The 21st century dawned with the promise of cell therapy for the treatment of cardiovascular disease. Beginning in 2002, with Orlic’s animal model work demonstrating the potential benefit of autologous cells on left ventricular (LV) function in animals,1 additional work2–4 demonstrated that both procedures and cells were safe enough to justify human clinical trials of bone marrow mononuclear cells5–9 to improve cardiac function.
These studies and a resulting meta-analysis10 showed that cell therapy, when carefully delivered and monitored, could be safely studied in humans. The promising findings of this early work drew the attention of the National Heart, Lung, and Blood Institute (NHLBI), which called for the creation of a research network, with the principal mission of investigating the safe and effective use of cell therapy to treat cardiovascular disease in humans.11
Background
This air of optimism was threatened by the headwinds of recruitment failure. Many clinical trial managers spanning all fields of medicine were unable to randomize sufficient numbers of subjects to reach their goals.12 A survey of Lancet and The British Medical Journal revealed that in 2000–01, almost 60% of published trials either required an extended period of time beyond what was expected to complete recruitment or outright failed in the effort.13
Extensive reviews of mailing and web-based strategies, incentives, and other strategies have produced disappointment.14 Some investigators in frustration invoke Lasagna’s Law,15 which states that “the number of patients eligible for a study will decrease during the study period by a factor of ten and returns to normal following completion of the trial period.”
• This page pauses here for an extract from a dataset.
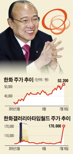 이 기간 시가총액도 껑충 뛰어 9일 3600억원이었던 시총 규모는 1조2000억원까지 수직 상승했다. 그룹 지주회사 격인 한화의 주가도 이 기간 10.45% 올랐다. 김 회장의 주식가치가 늘어난 데는 한화그룹의 지주회사인 한화의 주가가 올랐기 때문이다. 한화와 한화갤러리아타임월드는 한화-한화케미칼-한화갤러리아-한화갤러리아타임월드의 순서로 지분이 연결돼 있다.
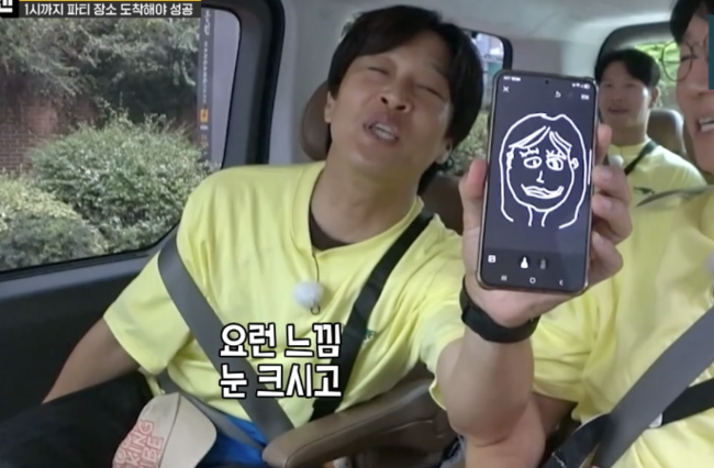 지석진은 다시 “이해심 많을 거 같더라”고 수습하기도. 그러자 옆에 있던 차태현은 갑자기 김종국 아내의 몽타주를 공개했다.그러면서 “눈이 크고 예쁘다 무쌍 아니더라”고 했고, 지석진도 “제수씨 얼굴 바로 이거보고 기억났다”고 했다. 유재석은 “형님 그만해라”고 하자 지석진도 “차태현이 옆에서 바람 넣으면 안 돼,통제 안 되는 애다”고 했다. 차태현은 계속해서 꿋꿋하게 김종국 아내 몽타주를 수정하더니“갸름하게 그려야해 V라인이다”고 정정했다. 유재석은 “태현이 그만 그려라 저거 왜 저러냐”며 폭소, 그럼에도 이날 차태현의 활약은 계속됐다.

Many clinical trial teams are now uncertain as to what to do other than “the best that one can”; some have reduced to reporting recruitment problems in the hope that this will help to devise strategies to overcome the problem.16 So grim is the situation that overt concerns are now appearing about the longevity of clinical trials as a viable research paradigm.17
Meanwhile, the germinal cell therapy field had its own collection of controversies. The 1990s opened to the great promises of gene therapy; however, the Jesse Gelsinger case at the University of Pennsylvania highlighted the potential for serious lapses in reporting prior research experience, safety monitoring, and conflicts of interest.18
Simultaneously, a sharp rise in the number of adverse event reports to the U.S. Food and Drug Administration (FDA) occurred, and the number of drugs withdrawn from the market increased, tightening the focus on safety oversight. In 2003, the FDA temporarily halted 27 gene therapy trials using retroviral vectors in blood stem cells in the face of new leukemia-related syndromes in two children.19 Some had even called for a moratorium on cell therapy clinical trials.20
Lagging recruitment efforts in combination with the early failures of gene therapy produced a challenging combination, threatening the success of cell therapy clinical trials designed to study subjects with acute myocardial infarction (AMI). By itself, AMI produces a challenging patient population known for rapid onset of symptoms, a “non-patient” frame of mind for subjects and family who are commonly told that they have been cured by primary percutaneous intervention (PCI), and the short window to consent and acutely treat subjects.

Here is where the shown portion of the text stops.